Relationship between summation and convolution

Question

Currently I am reading a paper which derives a multiplication of matrix such as: $AB=I$, with $B$ is the inverse of $A$, $I$ is an identity matrix. This is the short hand notation for the following summation: $$\sum_j a_{ij}b_{jk}=\delta_{ik}.$$ where $a_{ij}$ and $b_{jk}$ (which are functions of variable $h$) are elements of $A$ and $B$; $\delta_{ik}$ is Kronecker delta. The authors claim that the continuous equivalent of this summation is given by: $$\{a*b\}(h)=\delta(h).$$ where * denotes the convolution. Actually, I cannot understand what theorem or properties behind this claim. Is there anyone knows this issue? Thank you.

Answer 1

No, the equivalence is not when "$a_{ij}$ and $b_{jk}$ are functions of $h$".

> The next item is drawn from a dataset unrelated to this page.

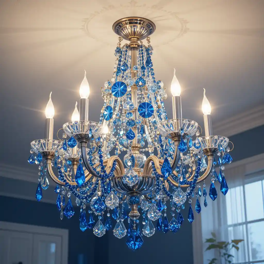 Adorn your chandelier with dangling blue crystal ornaments. The sparkling prisms catch the light beautifully, making your ceiling a showstopper during holiday gatherings.

In the equivalence to the continuous case, $h$ is taking over the roles of $i, j, k$. But it is easier to see when we use three continuous variables that correspond to each of the three indices, say $$i \to x, j \to y, k \to z$$ Then matrix elements correspond to $$a_{ij} \to a(x - y)\\b_{jk} \to b(y - z)\\\delta_{ik} \to \delta(i - k)$$ and finally, the summation over $j$ becomes integration over $y$:

$$\int_{\Bbb R} a(x-y)b(y-z)dy = \delta(x - z)$$

Doesn't look quite right yet. So substitute $u = y - z$, then $du = dy$ and the limits don't change as $u$ still covers all of $\Bbb R$. but $x - y = x - z - u$, so it becomes $$\int_{\Bbb R} a(x- z - u)b(u)du = \delta(x - z)$$ The expression on the left is the definition of $\{a*b\}(x - z)$. Substitute $h = x - z$ and you have your equivalence.